# Crosshairs new little fella



## AKSkirmish (Jun 24, 2005)

Yeah he picked this up off a friend.Just thought I would share!!!









Thanks for looking everyone!!!


----------



## RB 32 (Mar 2, 2005)

NiCE Scorpe!

They look nice in black light...


----------



## AKSkirmish (Jun 24, 2005)

RB 32 said:


> NiCE Scorpe!
> 
> They look nice in black light...


Yeah that flourescent green is like no other!!!!!He is getting ready for a transfer to a new home.He will be going from the little 10 gallon enclosure to around a 75 gal structure!!!!!!Then he will be given the proper home!!!!







Thanks for the words there RB32


----------



## Omnius (Mar 20, 2006)

Whoa a 75 gal for one scorpion? Cool just make sure he can find his food OK.


----------



## Z♠NGT♥KER (Dec 27, 2005)

Omnius said:


> Whoa a 75 gal for one scorpion? Cool just make sure he can find his food OK.


taht a big tank for a lil guy....will you have more then one?


----------



## AKSkirmish (Jun 24, 2005)

Omnius said:


> Whoa a 75 gal for one scorpion? Cool just make sure he can find his food OK.


Yeah it's bit much,But rather have him have too much room than not enough.He will be given plenty of food.!!!


----------



## huntx7 (Nov 13, 2004)

Very nice, good luck


----------



## oscared15 (Feb 3, 2006)

wow cool scorp, there are cool cretures, good luck with it.


----------



## r8frazer (Feb 6, 2006)

AKSkirmish said:


> Yeah he picked this up off a friend.Just thought I would share!!!
> 
> 
> 
> ...


Princess, my Heterometrus Laotic Would kick his ass

























On a more serious note.. have you read up on scorpion keeping, theres plenty of caresheets around for emps.. make sure you give it a nice deep soil substrate to burrow in! And for gods sake keep the humidity up!

... 75 gallons!?


----------



## AKSkirmish (Jun 24, 2005)

huntx7 said:


> Yeah he picked this up off a friend.Just thought I would share!!!
> 
> 
> 
> ...


Princess, my Heterometrus Laotic Would kick his ass :rasp:

















On a more serious note.. have you read up on scorpion keeping, theres plenty of caresheets around for emps.. make sure you give it a nice deep soil substrate to burrow in! And for gods sake keep the humidity up!

... 75 gallons!?








[/quote]

Very nice,But mine looks better!!!!!







Yeah I know how to take care of one.No prob on the humidity either.He will be kept in a cigar shop!!!!!!!Plenty of humidity there.Yeah I figure the bigger the home the better the home.It should be pretty insane!!!!!


----------



## r8frazer (Feb 6, 2006)

dont forget tho.. if the home is too big hunting will become nearly impossible.. a 75 gal shud definitely house a fair few scorps!!


----------



## AKSkirmish (Jun 24, 2005)

Here's another shot I figured i would share as well!!!



















r8frazer said:


> dont forget tho.. if the home is too big hunting will become nearly impossible.. a 75 gal shud definitely house a fair few scorps!!
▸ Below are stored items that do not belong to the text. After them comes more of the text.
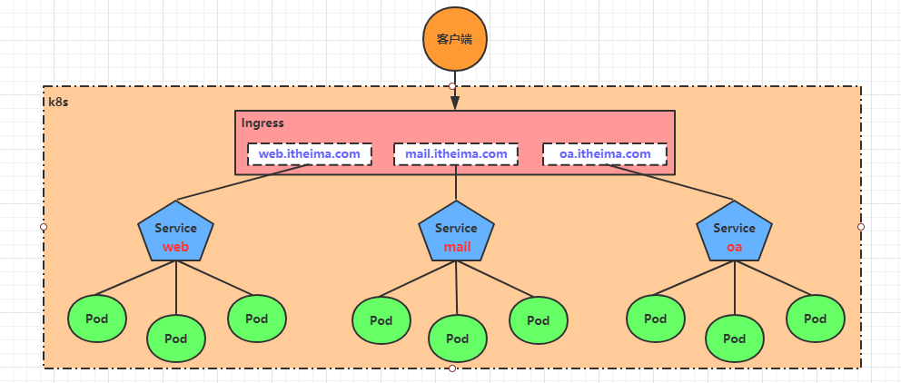 - 用户编写Ingress规则,说明哪个域名对应kubernetes集群中的哪个Service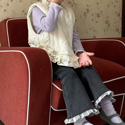 아이아이.겨울)체크프릴와이드팬츠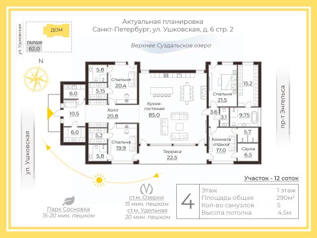 Двухэтажный дом в Павловске 182 м² Петрополь-2 находится в самом сердце города. Расположен на живописной Звериницкой улице на территории 14,19 соток. Входит в проект Павловск Градъ из 8-ми домовладений. У дома есть навес под авто 50 м², Терраса 16,6 м², крыльцо 13 м² Этот район Санкт-Петербурга располагает благоприятными условиями для спокойной семейной жизни и отдыха на природе. Идет окончание строительных работ, финишная стадия благоустройства территории 14 соток Г. Санкт-Петербург, Пушкинский район, г. Павловск, ул. Звериницкая Дом из высококачественного газобетона основателен и надежен, как это свойственно каменным зданиям, хорошо сохраняет тепло и, следовательно, экономичен. Выполнен в стиле Райт. На первом этаже гостиная и кухня, которые при желании можно разделить или объединить. Есть выход на террасу, а также проход на крытую стоянку для двух машин. Дом сдается с отделкой white box, все грязные работы выполнены, полностью готов к финишному ремонту! Во всех домах в проекте Павловск градъ качественны инженерные коммуникации, в том числе установлена современная система вентиляции — рекуперация воздуха Газ заведен в дом. Центральное водоснабжение + индивидуальная скважина Архитектурное решение и цветовая гамма дома продуманы таким образом, чтобы подчеркнуть гармоничную связь с природой. Используемые материалы, лаконичность линий и цветовые решения фасадов органично вписываются в живописную красоту Павловска и подчеркивают гармоничную связь с природой. Домовладения возводятся на уникальных перспективных участках, поэтому могут быть интересны как для инвестиций, так и для постоянного проживания. На территории предусмотрено видеонаблюдение, ландшафтный дизайн с привлекательным газоном, освещением, дорожками, парковочными местами и функциональными откатными воротами. Окружение: Павловский Парк, Екатерининский дворцово-паковый ансамбль и Александровский дворец и парк Инфраструктура: доступна вся городская инфраструктура, школы, детские сады, поликлиника, спортивные сооружения Отличная транспортная доступность, несколько транспортных магистралей к центру Санкт Петербурга и аэропорту Пулково. В пределах 20-40 минут — Стрельна, Петергоф, Ломоносов, Гатчина, Петергоф , горнолыжный курорт Туутари Парк. Записывайтесь на показ, задавайте вопросы про дом 182 м² Петрополь-2 на Звериницкой улице в Павловске На этапе завершения строительства цена ниже! Данный дом прекрасно подойдет, если вы - в поисках дома из газобетона на лучших участках Санкт-Петербурга - если ищите загородный дом для семьи, родителей в Павловске -если рассматриваете покупку как инвест-проект -идеальный дом для жизни и дачи в черте города рядом с Павловским парком В проекте "Невский градъ" предусмотрено 2 зеркальных дома Петрополь на разных участках

He will learn!!!We will keep it stocked with plenty of food!!!He will be kept on a wide variety as well.I dont think it is wrong to give him plenty of room as long as the enclosure is setup right







I do appreciate the info as well.I'm not trying to disagree.But this will be house wether he like it or not,and I figure he will adapt to his surroundings as well!!!.I mean hell like the wild inviroment he came from wasn't big enough,The 75 gal will be much smaller in comparision.


----------